Revelação do blog Marrapá fortalece ainda mais a tese de que os responsáveis pela investigação estão atuando para esconder a participação de Daniel Itapary Brandão no esquema de propina na Secretariad e Educação, que resultou no assassinato do empresário João Bosco Pereira

 

O governador nomeou o sobrinho secretário e o sobrinho indicou a cúpula da Segurança, que agora o protege no caso envolvendo mortes por pagamento de propina na Secretaria de Educação

Nomeado secretário de Monitoramento das Ações Governamentais pelo tio Carlos Brandão (PSB), Daniel Itapary Brandão – que esteve na cena do assassinato do empresário João Bosco Pereira Oliveira Sobrinho – indicou também a cúpula do sistema de Segurança Pública do atual governo.
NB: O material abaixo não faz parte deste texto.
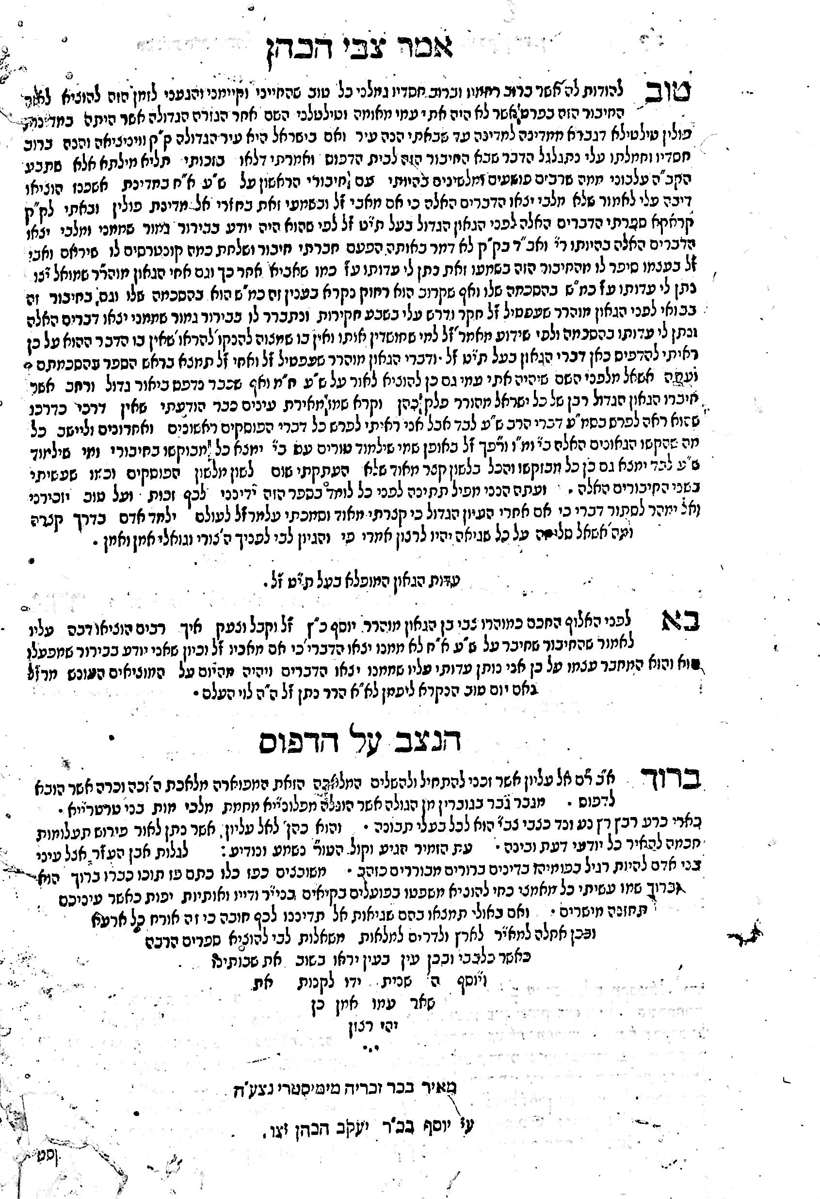 Rabbi Tzvi HaCohen had been in some controversy, as he was accused of plagiarizing his father, Rabbi Yosef Katz’s writings, which he denied. As we shall see, this book includes a rebuttal of that with a note from the then late Rabbi Yomtov Lipman Heller, known as the Tosefes Yomtov.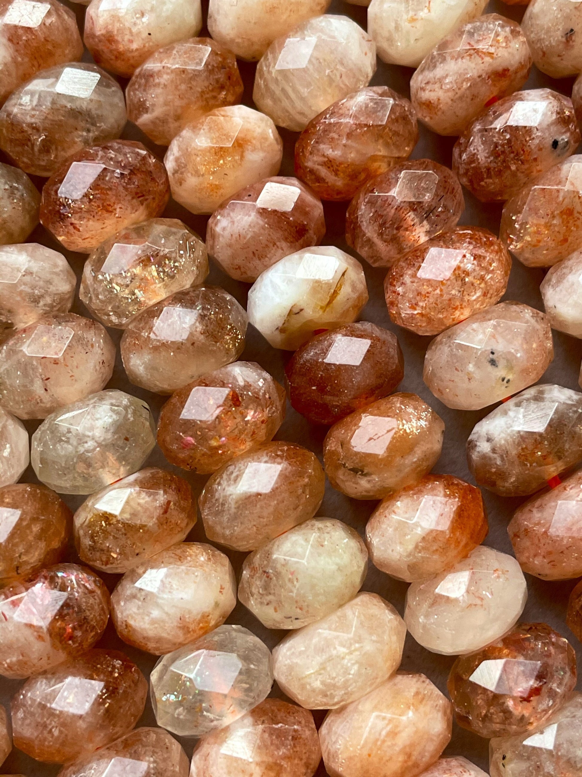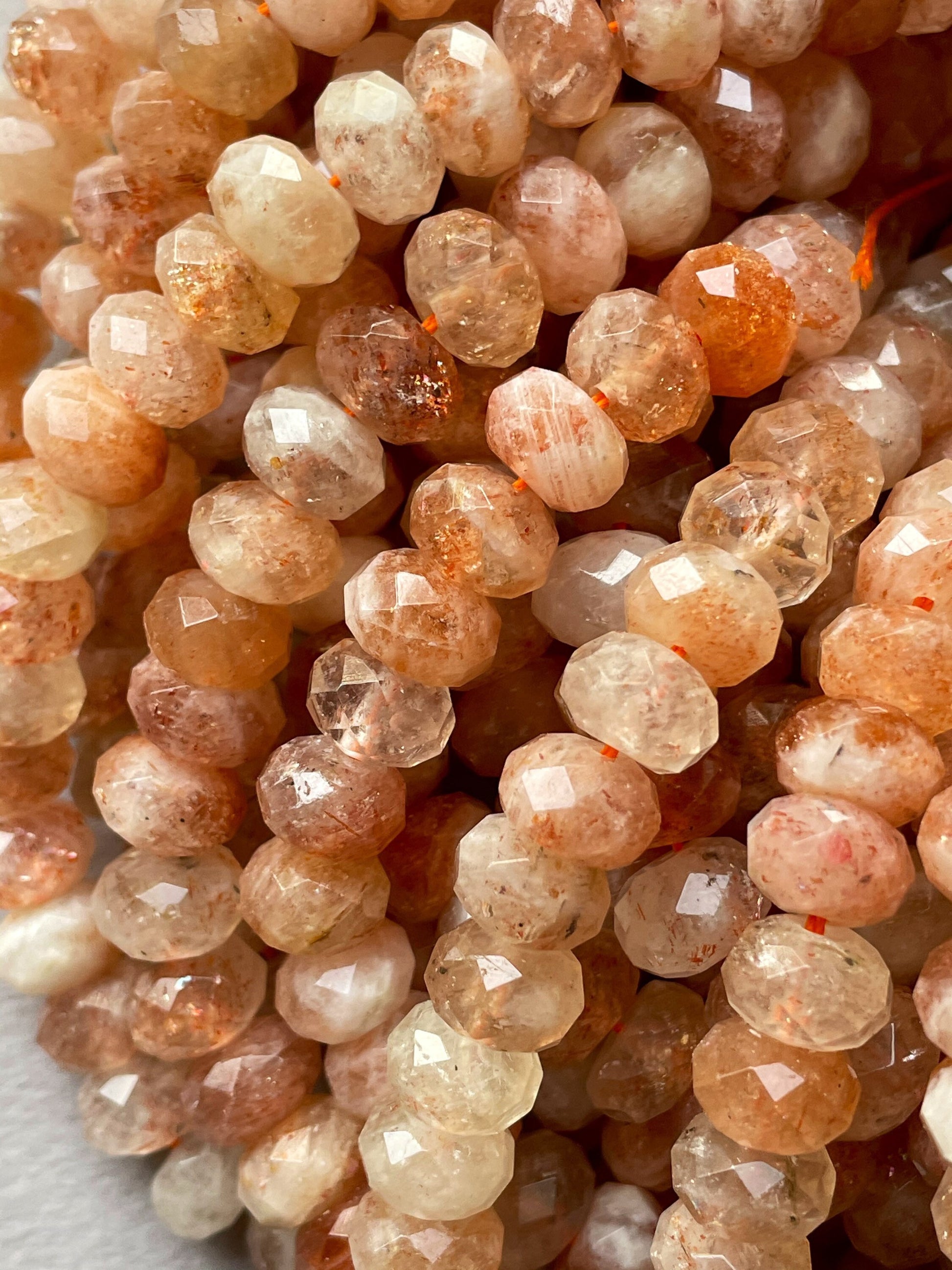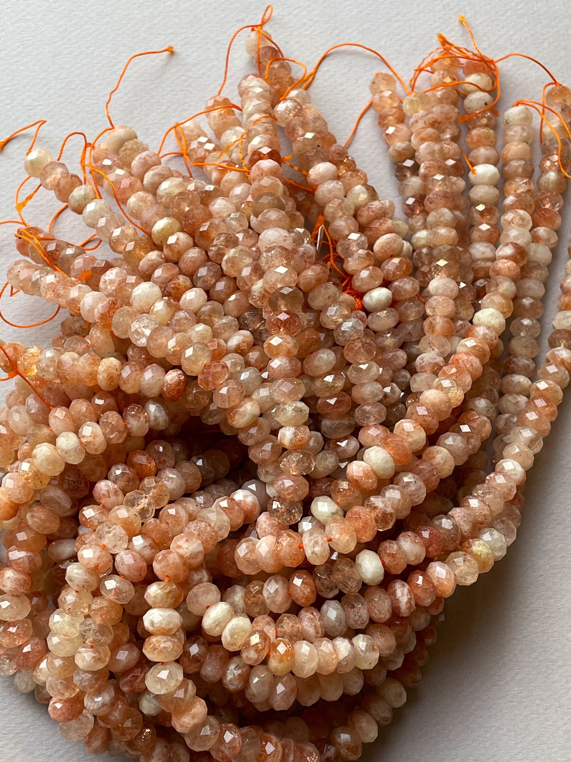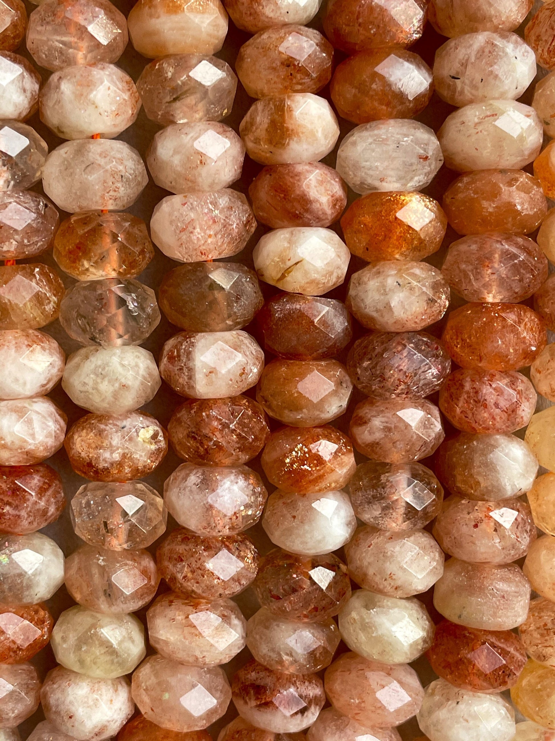 Natural fire sunstone bead. Faceted 5x7mm 6x10mm Rondelle bead. Gorgeous natural orange red fire color sunstone bead . Nice quality gemstone

Seguindo o blog Marrapá, além de indicar o secretário de Segurança Pública, coronel Sílvio Leite, Daniel Brandão é padrinho também do delegado Jair de Paiva Lima, chefe da Polícia Civil.

A revelação levanta ainda mais suspeitas de que a polícia está tentando abafar a história do assassinato de João Bosco – por envolvimento em esquema de propina na Secretaria de Educação, segundo o próprio assassino, Gibson Soares – para proteger o sobrinho do governador-tampão.

Imagens de câmeras do edifício Tech Office mostram que Daniel Brandão esteve na cena do assassinato de João Bosco, ao lado da própria vítima e do vereador Beto Castro na tarde do dia 19 de agosto; ele presenciou, inclusive, a morte de Bosco, tentando se esconder atrás de balcões de lanchonetes, segundo as imagens.

A polícia tentou dar o caso por encerrado sem ampliar as investigações para a denúncia do próprio assassino, segundo a qual a morte foi motivada por divisão de propina da Seduc.

A revelação de que a cúpula da SSP tem ligações diretas com Daniel Brandão põe o próprio governo Brandão como suspeito.